I'm a hard sell on Merlot. In fact, knowing the prestige of Chateau Petrus (100% Merlot), I'm often a bit embarrassed to admit that I generally don't like Merlot. I've tasted Petrus and, of course, would have a cellar full of it could I afford it. And I've also tasted and enjoyed excellent New World Merlots from Leonetti and Duckhorn. Most inexpensive Merlots, however, tend to have a shrill green pepper/celery component that I have a hard time swallowing...or a candied, oaky sweetness that covers it up.
With a group of four for dinner, many of whom were Merlot fans, I couldn't pass up this 2006 Oyster Bay Merlot, offered for $28/bottle on the wine list at Oakwood Bistro in Kalamazoo, MI. Glad I didn't.
Fresh scents of red berries/cherries and not even a hint of green!
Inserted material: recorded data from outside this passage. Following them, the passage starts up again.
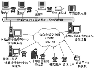 此方案使用后,以市為中心,可把周邊的各個(gè)縣、各個(gè)區(qū)聯(lián)成一個(gè)統(tǒng)一的148法律服務(wù)整體,各個(gè)縣、各個(gè)區(qū)的咨詢用戶只需要知道一個(gè)統(tǒng)一的148法律服務(wù)電話號(hào)碼,就可與最近的148法律服務(wù)臺(tái)接通進(jìn)行法律咨詢。
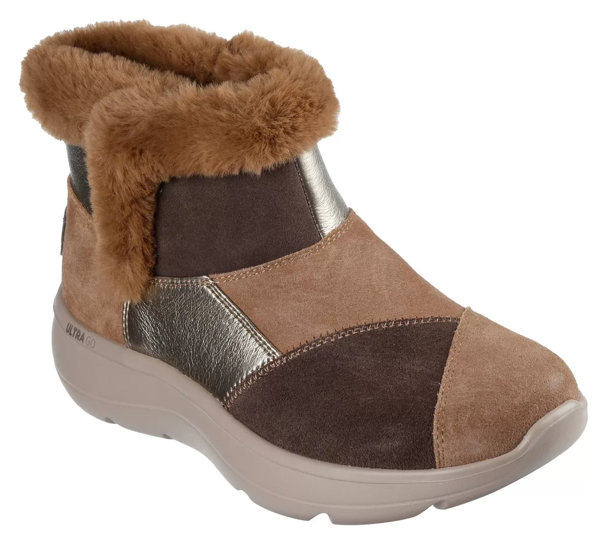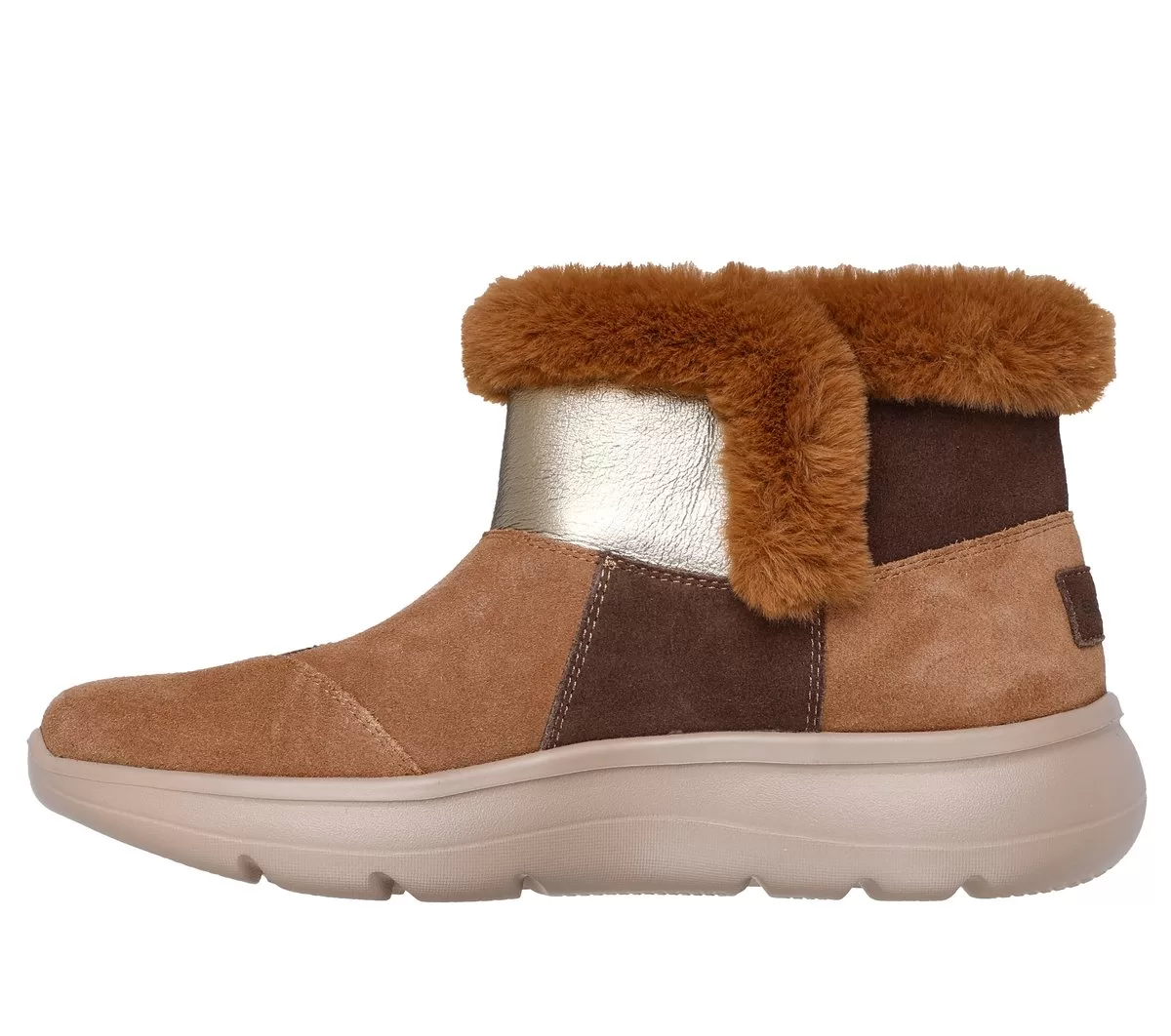 Bleiben Sie die ganze Saison über warm und gemütlich mit Skechers On-the-GO® Encore – Caitlin. Diese Stiefelette zum Hineinschlüpfen verfügt über ein Obermaterial aus mit 3M® Scotchgard® behandeltem Leder im Patchwork-Stil mit einem Kragen aus weichem Kunstfell, eine Skechers Air-Cooled Goga Mat™-Einlegesohle und eine gepolsterte ULTRA GO®-Zwischensohle.
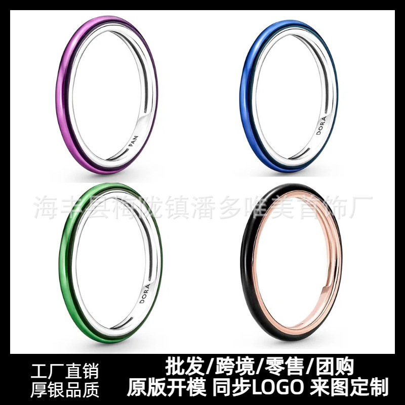 Europe and the United States cross-border jewelry Panjia Me series personality ring ring blue green purple enamel ring female plain ring
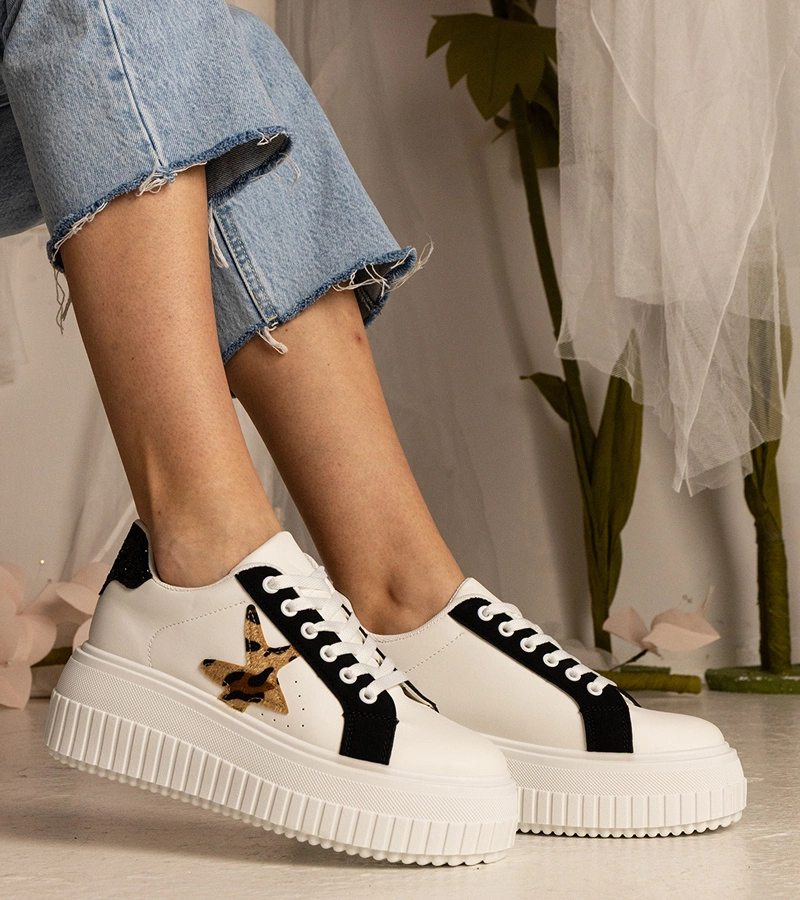 Adidași pentru femei alb-negru cu talpă înaltă Selina
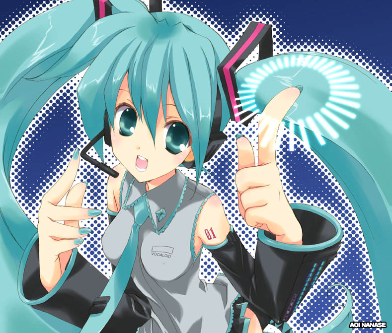 aqua eyesaqua hairdetached sleevesheadphoneslong hairmicrophonenecktieskirttwintailsvery long hair

Fine boned but with good strength. Fortunately this wine makes no attempt to be a blockbuster, and it has good acid backbone for aging. Ripe, delicate finish. Great with rainbow trout, pork, salmon or pot roast of beef. This wine is now on my shopping list. And I'd also like to try the Oyster Bay Pinot Noir. The cool climate of Kiwi-land is good for Pinot Noir and, as I discovered, Merlot.